Her brother’s innocent prank triggered a flashback. In her mind’s eye, Beth transported back to the couch on the night that James, her assaulter, hovered above her and tore off her clothes. Psychologically, a victim perceives memories of a past trauma during a flashback as occurring at the current moment. Triggered by a variety of stimuli, a survivor experiencing a flashback may dissociate from reality and believe the sexual assault is happening again. The episodes can last anywhere from a few seconds to several minutes.

“A sexual assault can affect things that are seemingly unrelated to the assault,” House said. “We never know what may take us back to the feeling of panic and vulnerability. It can be smells or sights that we may not have consciously recorded as related to the assault.”

Healing begins

Following a sexual assault, a survivor may require years to return to normalcy or may never fully recover. There is no prescribed time frame or manner for healing. Each survivor recovers at her own pace in her own way.

“There is nothing very linear about human emotional experience and certainly not one that is true for all of us,” House said. “What is common for many that are hurting is that they are often tempted to take the path of least resistance.”

One of the most common roadblocks to recovery is denial that the assault occurred. In an attempt to minimize the effects of the rape, victims suppress the emotional and physical consequences of the incident.

“I had always considered myself a strong young woman, able to handle anything,” Ashley said. “[But afterward] I had thoughts of suicide. I was depressed, yet filled with anxiety. I felt so alone — like no one in my life could understand how I felt.”

Many survivors who choose to not report their assault or receive counseling remain in the denial stage their entire lives, with ramifications for their ability to develop and foster relationships.

“Suppression of strong emotions related to sexual violence can eat away at a person’s ability to have a fulfilling life, with relationships and experiences that are at once challenging and beneficial,” House said.

Months after her assault, Ashley decide to walk into a local rape crisis center to receive the help she realized was necessary.

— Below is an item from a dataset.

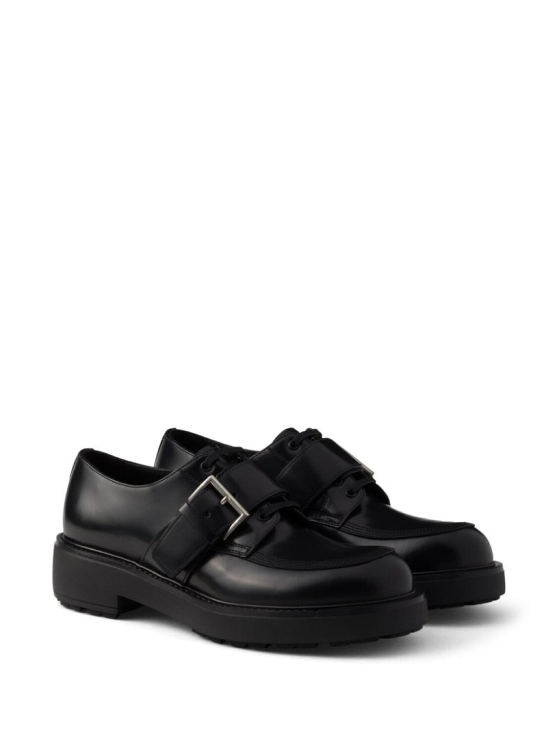 Prada туфли дерби из матовой кожи с пряжками, черный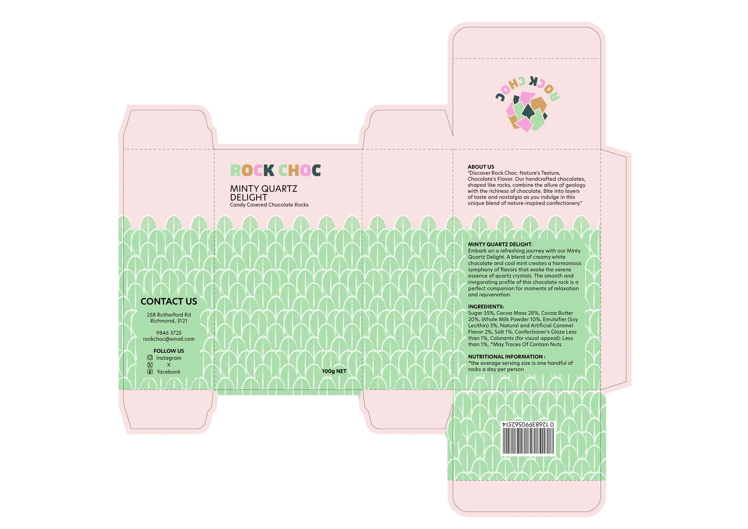 Rock Choc is a new and exciting chocolate company, these are the three packs for their new products. They are handcrafted chocolates, shaped like rocks, combine the allure of geology with the richness of chocolate. Bite into layers of taste and nostalgia as you indulge in this unique blend of nature-inspired confectionery.

She said she found comfort talking with a counselor and began keeping a journal documenting her healing process, a habit she continues to this day.

“Sexual assault does not define me, but it is part of who I am,” Ashley said. “I’ve come to peace with what happened to me. Much of that peace comes from helping others.”

For more than 10 years, Ashley’s work and volunteer life have been deeply rooted in advocacy for children and teenagers affected by sexual violence. Nearly a decade and a half after her assault, Ashley is married and has one child. Her husband is an A&M alumni and local law enforcement officer.

“You can survive this,” Ashley said. “There are so many people in our community who care and are there to help. You are not alone.”